§ **TASK ITEM**
Return the listing below unchanged, except that the pictures are dropped.
--- SUPPLIED INFORMATION ---
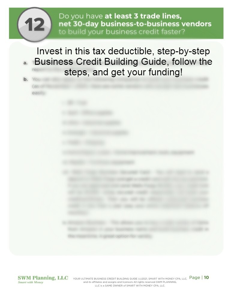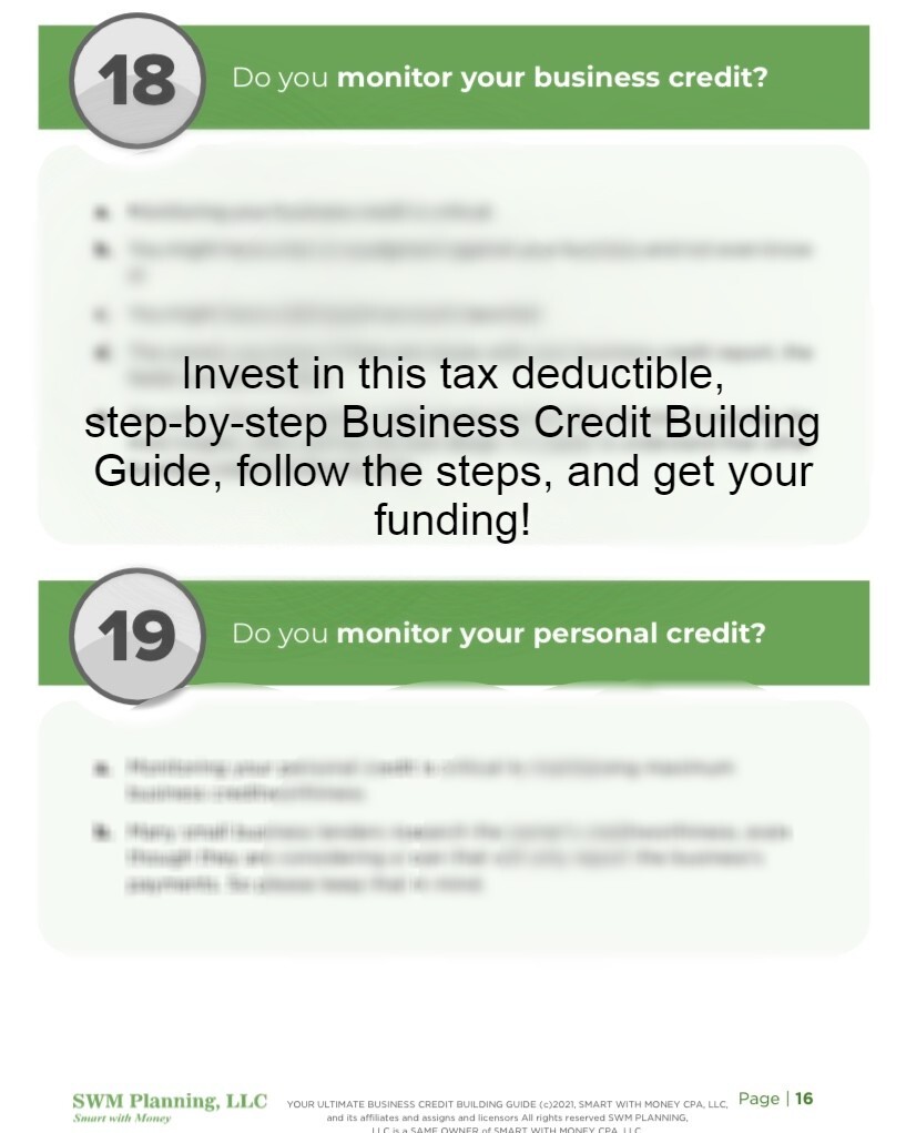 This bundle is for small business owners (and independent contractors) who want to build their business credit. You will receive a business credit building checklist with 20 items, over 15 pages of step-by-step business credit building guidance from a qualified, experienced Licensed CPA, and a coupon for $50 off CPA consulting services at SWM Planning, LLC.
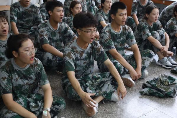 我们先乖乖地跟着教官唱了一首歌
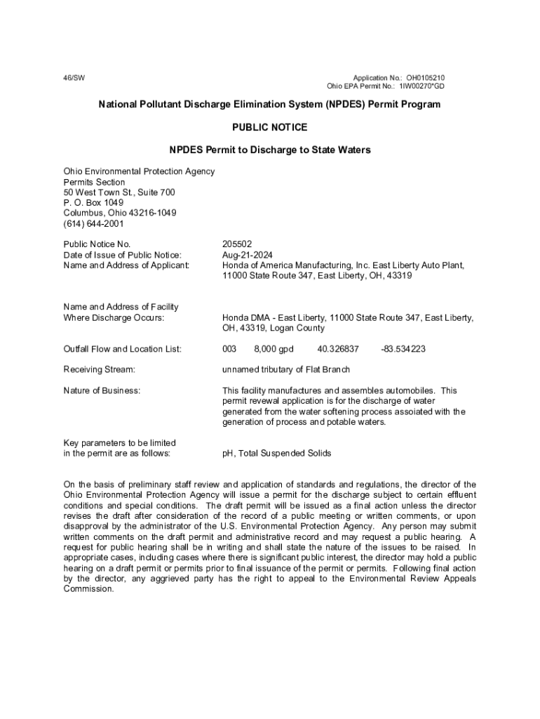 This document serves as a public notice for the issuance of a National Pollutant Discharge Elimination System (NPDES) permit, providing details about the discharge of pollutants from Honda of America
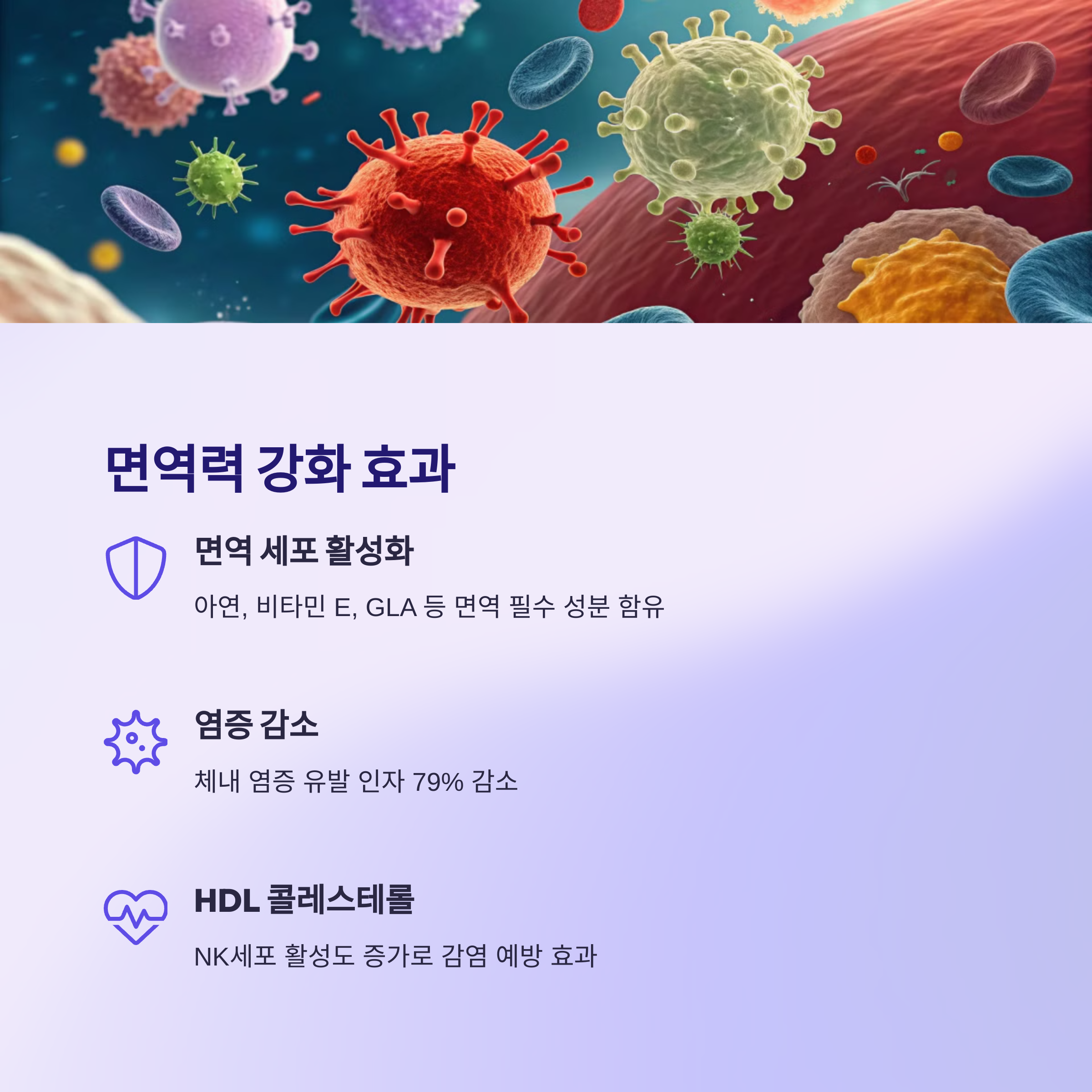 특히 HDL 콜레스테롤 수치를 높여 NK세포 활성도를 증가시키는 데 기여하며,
---
§ **YOUR SOLUTION**
 This bundle is for small business owners (and independent contractors) who want to build their business credit. You will receive a business credit building checklist with 20 items, over 15 pages of step-by-step business credit building guidance from a qualified, experienced Licensed CPA, and a coupon for $50 off CPA consulting services at SWM Planning, LLC.
 我们先乖乖地跟着教官唱了一首歌
 This document serves as a public notice for the issuance of a National Pollutant Discharge Elimination System (NPDES) permit, providing details about the discharge of pollutants from Honda of America
 특히 HDL 콜레스테롤 수치를 높여 NK세포 활성도를 증가시키는 데 기여하며,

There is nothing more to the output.